Materials provided:
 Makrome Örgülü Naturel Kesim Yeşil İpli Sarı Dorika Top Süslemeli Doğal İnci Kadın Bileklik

==

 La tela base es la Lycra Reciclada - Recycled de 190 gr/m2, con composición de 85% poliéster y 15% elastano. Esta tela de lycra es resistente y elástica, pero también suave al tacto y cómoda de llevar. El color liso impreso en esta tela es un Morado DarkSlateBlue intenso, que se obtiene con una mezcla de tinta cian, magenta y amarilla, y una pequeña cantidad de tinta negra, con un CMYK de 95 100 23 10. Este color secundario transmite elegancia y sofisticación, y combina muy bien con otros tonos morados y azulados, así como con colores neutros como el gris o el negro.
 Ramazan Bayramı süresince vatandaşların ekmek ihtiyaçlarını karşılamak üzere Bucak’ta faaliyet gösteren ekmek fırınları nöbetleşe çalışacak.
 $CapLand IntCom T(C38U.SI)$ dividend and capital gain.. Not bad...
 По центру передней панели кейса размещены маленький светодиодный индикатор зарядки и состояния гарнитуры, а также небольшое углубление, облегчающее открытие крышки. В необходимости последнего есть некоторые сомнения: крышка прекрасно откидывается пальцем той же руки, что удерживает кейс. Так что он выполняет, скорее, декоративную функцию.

About this task: The response should be the listing above, limited to the lines between the one holding "gain.. Not bad..." and the one holding "По центру передней", inclusive, reproduced exactly.

Exercise output:
 $CapLand IntCom T(C38U.SI)$ dividend and capital gain.. Not bad...
 По центру передней панели кейса размещены маленький светодиодный индикатор зарядки и состояния гарнитуры, а также небольшое углубление, облегчающее открытие крышки. В необходимости последнего есть некоторые сомнения: крышка прекрасно откидывается пальцем той же руки, что удерживает кейс. Так что он выполняет, скорее, декоративную функцию.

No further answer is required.